The inequality follows from:

Fact. The polytope $K = \Bigl\{\alpha \in [0,1]^n: \sum_{i = 1}^n\alpha_i = N\Bigr\}$ is the convex hull of indicator vectors of subsets of $[n] = \{1, \ldots, n\}$ of size $N$.

Assuming this fact, and because any linear function over a polytope achieves its minimum at a vertex, we have that $\sum_{i = 1}^n{\alpha_i x_i} \ge \sum_{i \in S} x_i$ for some set $S$ of size $N$. The right hand side is then clearly minimized for $S = \{1, \ldots, N\}$ if $x_1 \le x_2 \le \ldots \le x_n$.

To show the Fact, we need to show that every extreme point $\alpha$ of $K$ is an indicator vector of a set of size $N$. This is clearly true if $\alpha \in \{0,1\}^n$, so assume, towards contradiction, that for some $i$ we have $0 < \alpha_i < 1$. Then there must be at least one other $j \neq i$ such that $0 < \alpha_j < 1$, and we can write $\alpha$ as a convex combination of two vectors in $K$, one in which we add a tiny $h$ to $\alpha_i$ and subtract $h$ from $\alpha_j$, and one in which we reverse the signs. This means that $\alpha$ is not an extreme point, a contradiction.
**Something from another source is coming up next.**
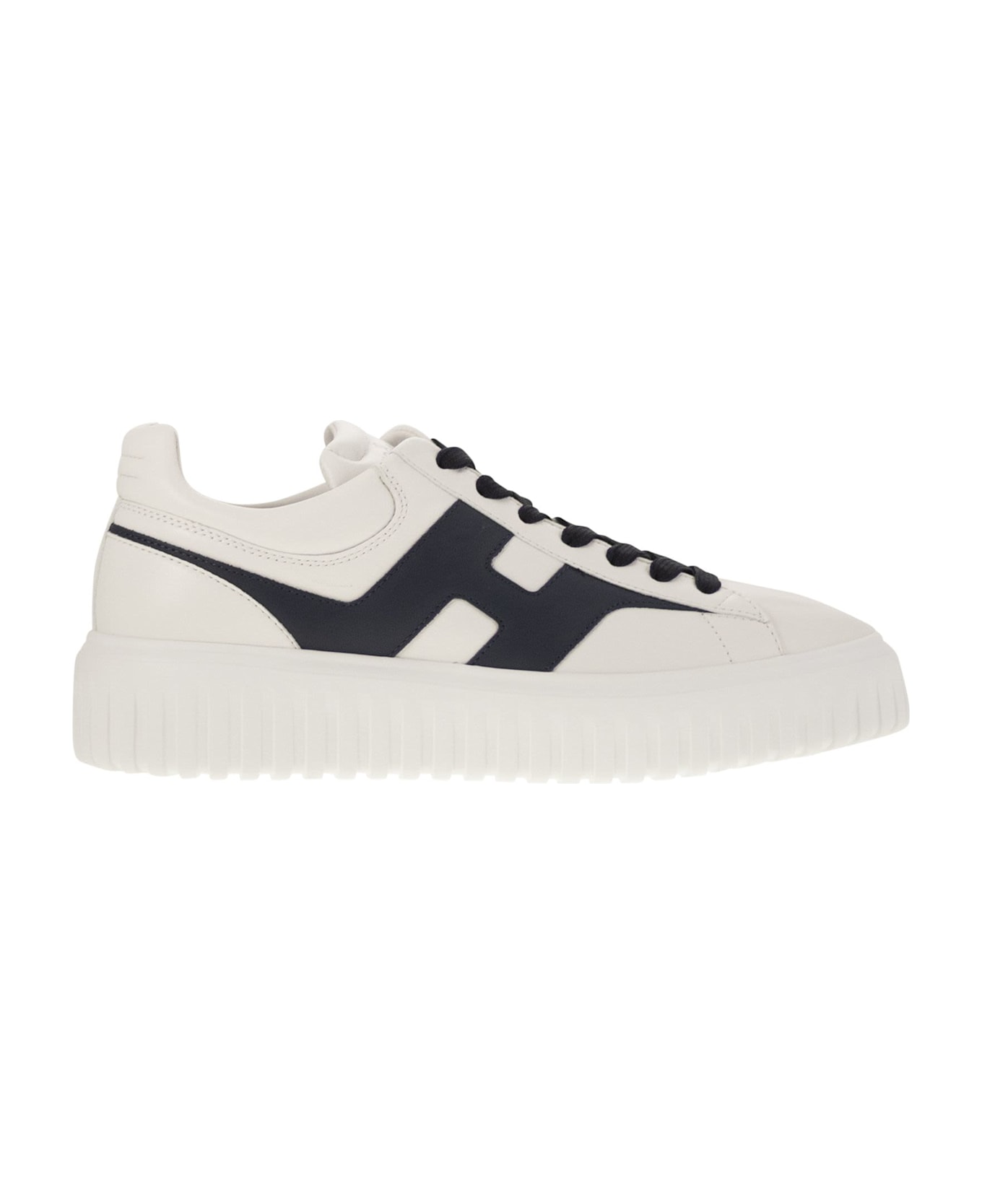A new model with sporty and versatile lines, the H-Stripes trainers feature an extra-light sole with vertical stripes. The upper, with a compact and balanced design, is distinguished by an H that extends across the entire side. The upper, with stitching on the heel, has soft padding. This version is made of nappa leather and smooth leather, with a memory foam insole that provides cushioning. - Hogan H-Stripes men's trainers - Made in Italy - Nappa leather upper - Side H in smooth leather - 8 mm memory foam insole - EVA sole - Fabric pouch included - Includes an additional pair of laces DESIGNER ID: HXM6450FE91QZB11G1

You can see that this argument is essentially the same as Iosif's.

Another way to state the Fact is that $K$ is the base polytope of the uniform matroid over $[n]$ of rank $N$. A vast generalization is the characterization of the facets of the base polytope of any matroid, due to Edmonds: see, e.g., Section 10.7 in these notes.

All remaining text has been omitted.